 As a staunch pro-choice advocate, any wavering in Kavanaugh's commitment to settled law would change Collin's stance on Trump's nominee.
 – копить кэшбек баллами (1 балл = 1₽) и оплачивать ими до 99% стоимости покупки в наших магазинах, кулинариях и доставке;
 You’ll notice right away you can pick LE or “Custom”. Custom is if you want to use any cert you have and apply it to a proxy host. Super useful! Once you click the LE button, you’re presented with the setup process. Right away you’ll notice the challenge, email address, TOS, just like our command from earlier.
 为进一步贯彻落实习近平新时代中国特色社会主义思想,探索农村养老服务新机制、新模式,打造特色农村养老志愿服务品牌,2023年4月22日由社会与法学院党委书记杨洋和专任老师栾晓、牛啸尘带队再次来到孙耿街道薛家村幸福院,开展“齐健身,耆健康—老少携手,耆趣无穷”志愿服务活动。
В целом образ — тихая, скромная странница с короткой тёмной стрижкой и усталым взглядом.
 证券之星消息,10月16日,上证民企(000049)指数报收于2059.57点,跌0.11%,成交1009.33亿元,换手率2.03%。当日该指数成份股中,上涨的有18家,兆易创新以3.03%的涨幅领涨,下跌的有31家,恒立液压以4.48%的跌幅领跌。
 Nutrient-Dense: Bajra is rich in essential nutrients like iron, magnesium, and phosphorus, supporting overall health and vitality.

* * *

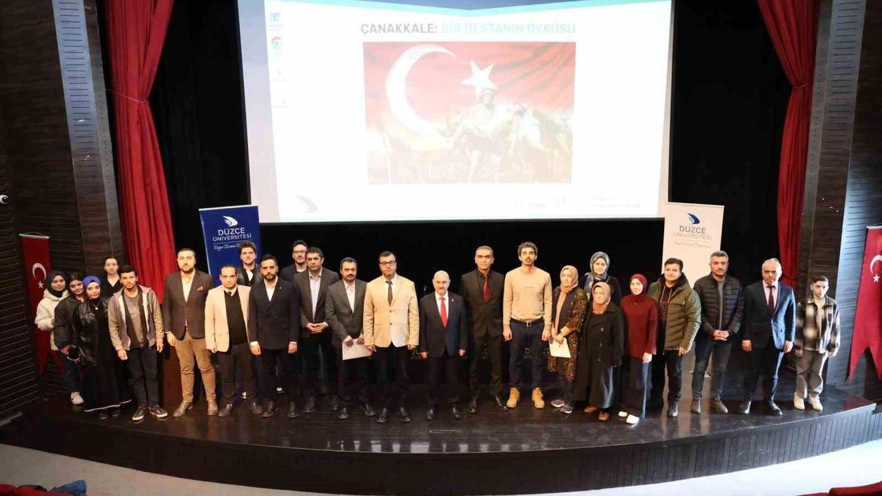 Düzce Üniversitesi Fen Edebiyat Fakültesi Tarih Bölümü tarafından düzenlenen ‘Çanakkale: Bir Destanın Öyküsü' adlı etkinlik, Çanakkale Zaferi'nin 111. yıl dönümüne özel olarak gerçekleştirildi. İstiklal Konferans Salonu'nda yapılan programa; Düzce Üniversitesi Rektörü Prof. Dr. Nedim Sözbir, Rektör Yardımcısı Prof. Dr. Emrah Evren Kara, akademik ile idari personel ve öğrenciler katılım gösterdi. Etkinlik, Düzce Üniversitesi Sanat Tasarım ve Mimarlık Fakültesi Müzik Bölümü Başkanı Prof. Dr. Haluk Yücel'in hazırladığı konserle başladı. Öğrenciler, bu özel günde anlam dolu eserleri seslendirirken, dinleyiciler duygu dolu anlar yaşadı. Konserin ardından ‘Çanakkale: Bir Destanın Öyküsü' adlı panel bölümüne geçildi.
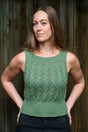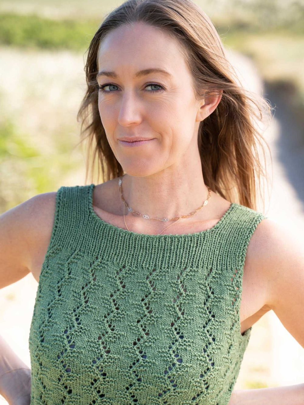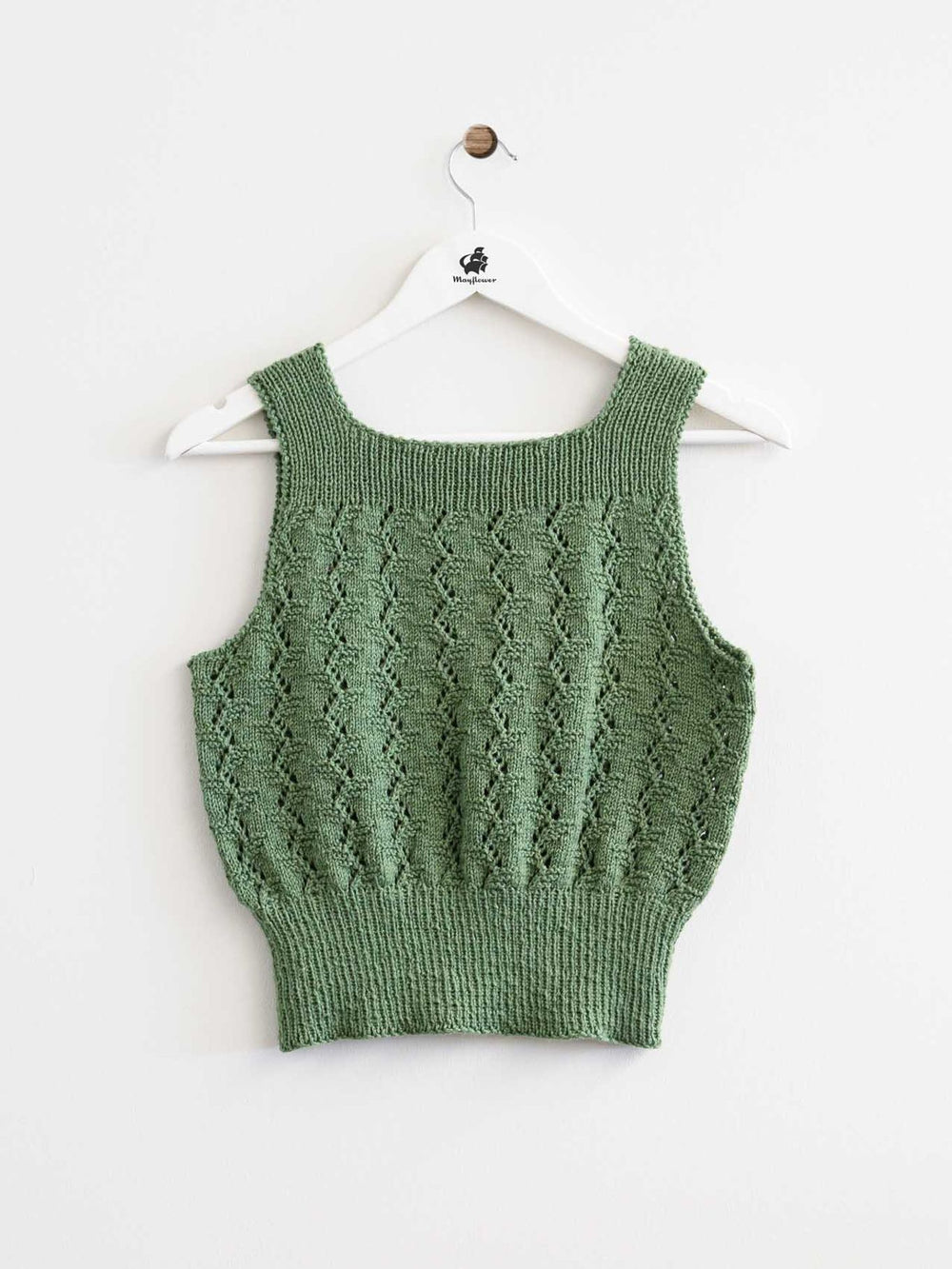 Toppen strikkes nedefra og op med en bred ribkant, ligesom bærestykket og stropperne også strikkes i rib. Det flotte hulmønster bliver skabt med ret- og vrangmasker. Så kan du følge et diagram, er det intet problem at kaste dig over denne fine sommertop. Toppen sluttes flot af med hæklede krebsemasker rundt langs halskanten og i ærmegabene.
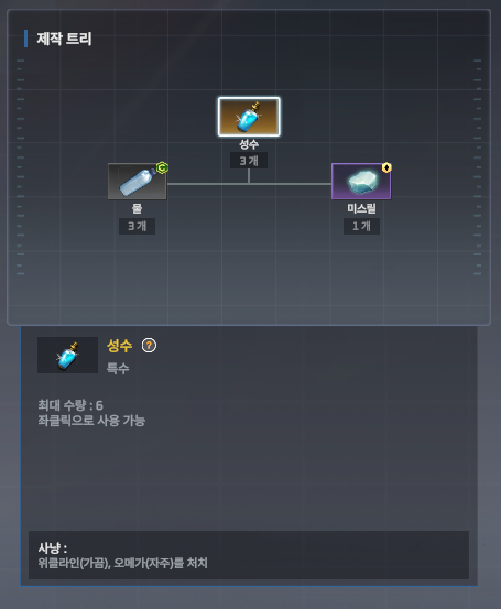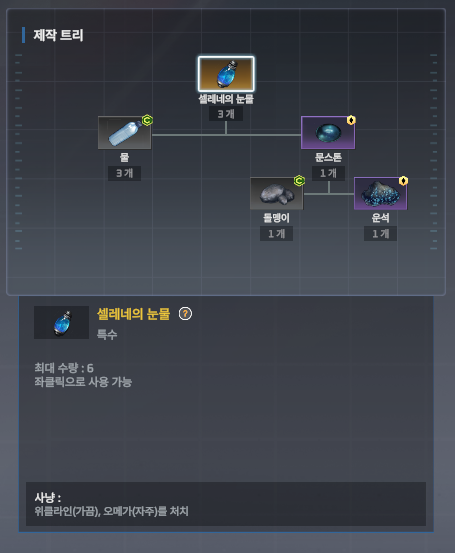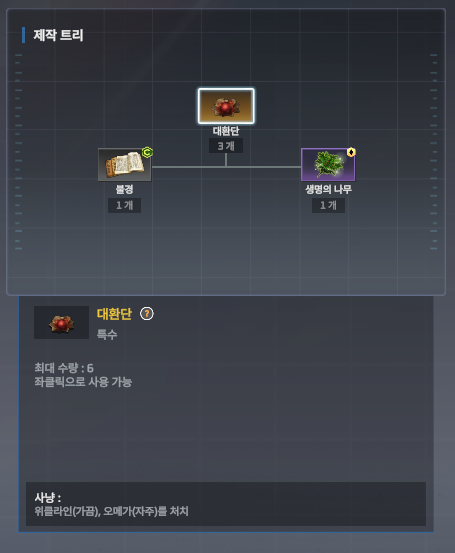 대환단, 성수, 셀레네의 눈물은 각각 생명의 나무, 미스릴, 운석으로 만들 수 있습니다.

- EXERCISE PROMPT -
All lines above from the line with "为进一步贯彻落实习近平新时代" through the line with "Nutrient-Dense: Bajra is", both included, are to be set down exactly, with nothing else.

- RESPONSE AREA -
 为进一步贯彻落实习近平新时代中国特色社会主义思想,探索农村养老服务新机制、新模式,打造特色农村养老志愿服务品牌,2023年4月22日由社会与法学院党委书记杨洋和专任老师栾晓、牛啸尘带队再次来到孙耿街道薛家村幸福院,开展“齐健身,耆健康—老少携手,耆趣无穷”志愿服务活动。
В целом образ — тихая, скромная странница с короткой тёмной стрижкой и усталым взглядом.
 证券之星消息,10月16日,上证民企(000049)指数报收于2059.57点,跌0.11%,成交1009.33亿元,换手率2.03%。当日该指数成份股中,上涨的有18家,兆易创新以3.03%的涨幅领涨,下跌的有31家,恒立液压以4.48%的跌幅领跌。
 Nutrient-Dense: Bajra is rich in essential nutrients like iron, magnesium, and phosphorus, supporting overall health and vitality.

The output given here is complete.